Я начала молиться, просила Деву Марию и всех святых простить раба Божьего Рамона, простить меня за то, что я с ним в родстве, наконец, успокоить душу убиенных христиан… А Рамон принялся гоготать, он смеялся как умалишенный, и мне вдруг почудилось, что и я схожу с ума…

— Сеньора! — испуганно вскрикнула Росита. — Они идут сюда!

От толпы дикарей, орудовавших на берегу, отделилось несколько десятков мужчин, с копьями и луками. Они неторопливо направились в нашу сторону, перешагивая через обгорелые стволы поваленных пожаром и ветром деревьев.

— Идут, — перестав смеяться, сказал Рамон. — Должно быть, у них туговато с провиантом… Зажигайте пальник, кузина, и да поможет нам Бог!

Воины приближались, нестройно горланя свою монотонную песню. Когда до них осталось не более ста шагов, Рамон сказал:

— Палите, кузина, иначе картечь пройдет выше их голов!
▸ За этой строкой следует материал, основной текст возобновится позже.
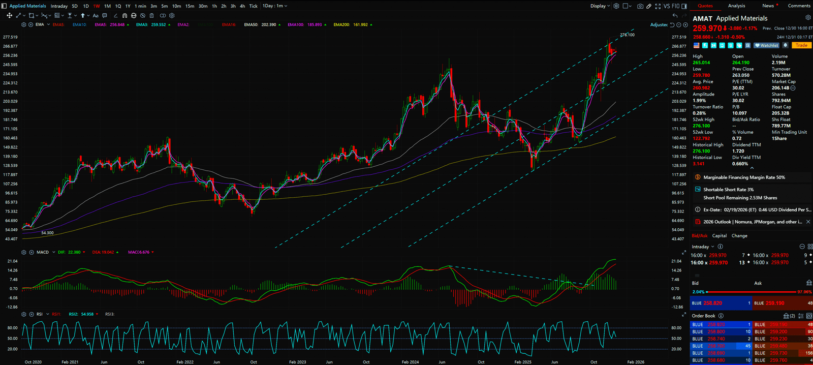 - 圖表解碼: TSM 圖表極其強勢。它突破了歷史新高後,正在進行回踩。均線系統呈現完美的多頭排列。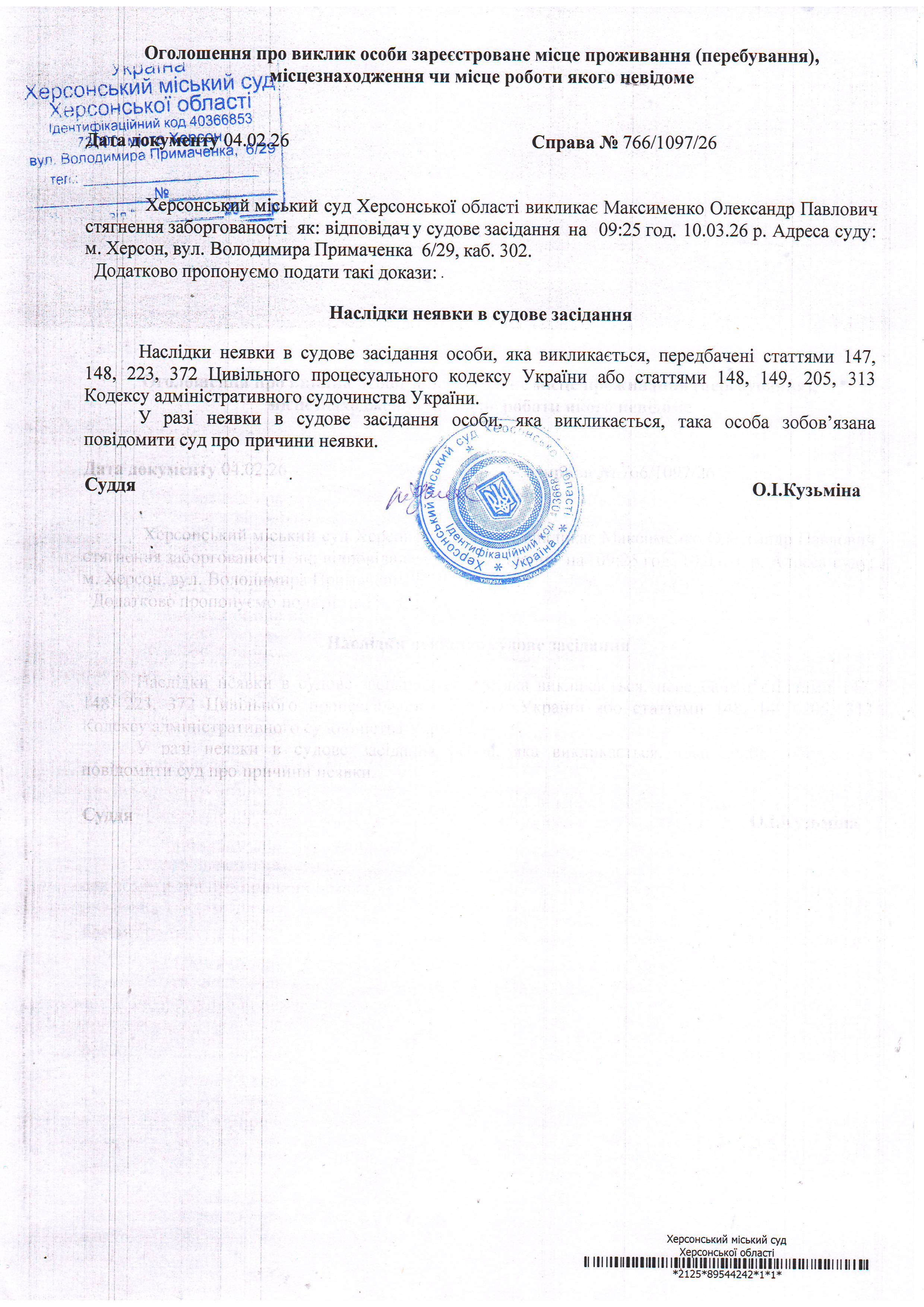 ОГОЛОШЕННЯ ПРО ВИКЛИК ДО СУДУ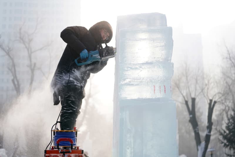 Published by 新華社通信 6日、ハルビン氷灯芸術遊園会の会場で作品を制作する氷彫刻家。(ハルビン=新華社記者/王建威) 【新華…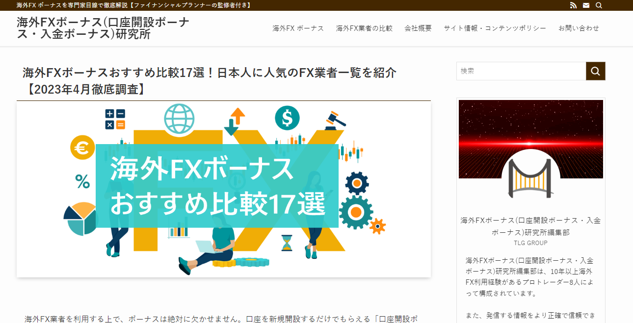 第38回目は【海外FXボーナス(口座開設ボーナス・入金ボーナス)研究所】様をご紹介致します!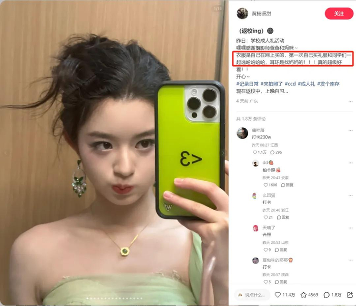 这一系列信息,源于黄杨钿甜5月11日在社交平台上分享的成人礼照片。照片中,黄杨钿甜佩戴的耳环被指认是奢侈品牌GRAFF经典系列,官方售价约230万元。大量网友认为,2007年出生的黄杨钿甜,作为年轻演员,不应该有如此高的消费水平。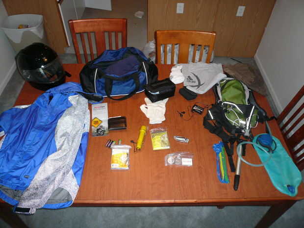 También incluí una foto de los artículos de la Wan. Todo lo que tiene con él en su moto lleva. Tiene material de camping porque duerme al lado de la carretera o en una campamento base durante la mayoría de sus viajes. Una cosa que tiene eso me debería haber llevado era una cerradura. La Honda Ruckus pesa menos entonces 200 libras, así que dos chicos en una camioneta podría hacer un trabajo rápido de robar la motocicleta. Siempre es bueno ser un poco más seguro.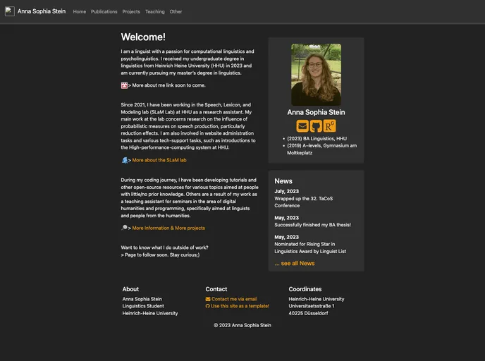 This website template is designed specifically for academics looking to create their own personal academic webpage. It is built using Jekyll, Liquid, and Bootstrap, and includes a unique set of features that are not commonly found in other publicly available templates. Some of these features include automatically-generated buttons for DOI/PDF/ARXIV/BIB/Abstract information using Jekyll Scholar, bibliography information and abstracts displayed in drop-down wells, Fontawesome icons for various platforms, a dark color scheme, and a consistent and attractive "About me" page. The template is highly customizable and can be forked and hosted locally or on Github pages.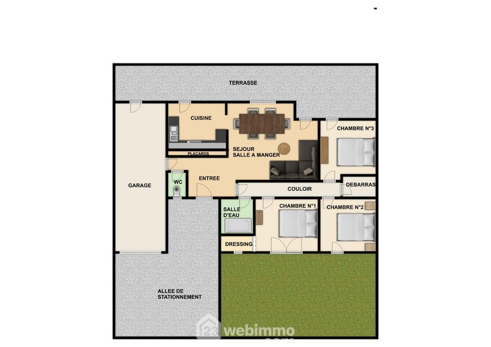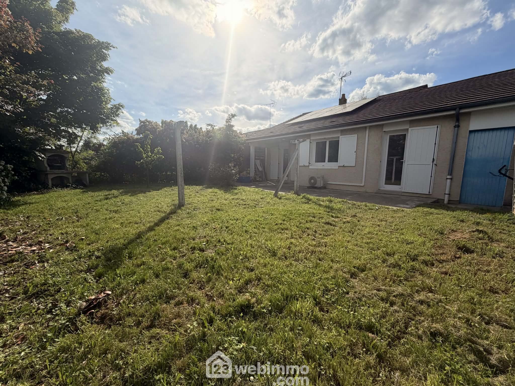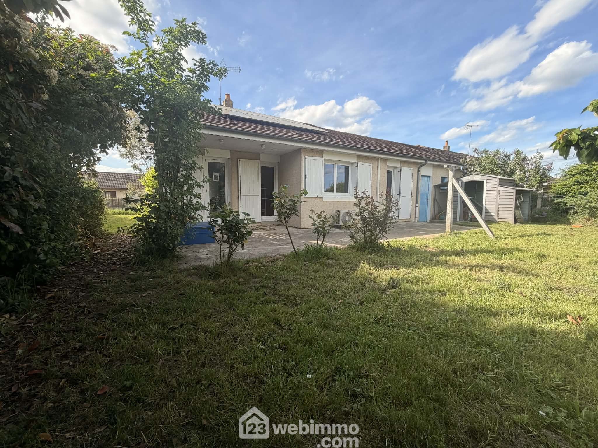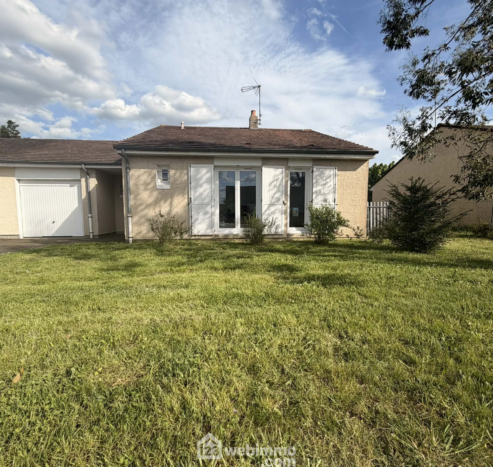 Maison de plain-pied, 82 m2 habitables, 4 pièces, 3 chambres, garage, sur terrain de 510 m2.

Он рванул пальник из моей руки и ловко вдавил его в затравку пушки. От грохота у меня зазвенело в ушах, а потом я долго чихала от окутывавшего стену дыма. Дикие вопли донеслись со стороны индейцев. Только люди, испуганные до смерти, могут так страшно кричать. Так кричали бы белые люди, если бы увидели светопреставление…

— Пальни, Мануэль! — подавая пальник негритенку, сказал Рамон. Этот бесенок моментально ухватился за поданный ему инструмент и помчался к другой пушке… Снова грохот, снова дым, снова дикие крики…

— Нельзя же так… — пролепетала я себе под нос, даже не понимая, почему я так говорю. — Они живые люди, им больно…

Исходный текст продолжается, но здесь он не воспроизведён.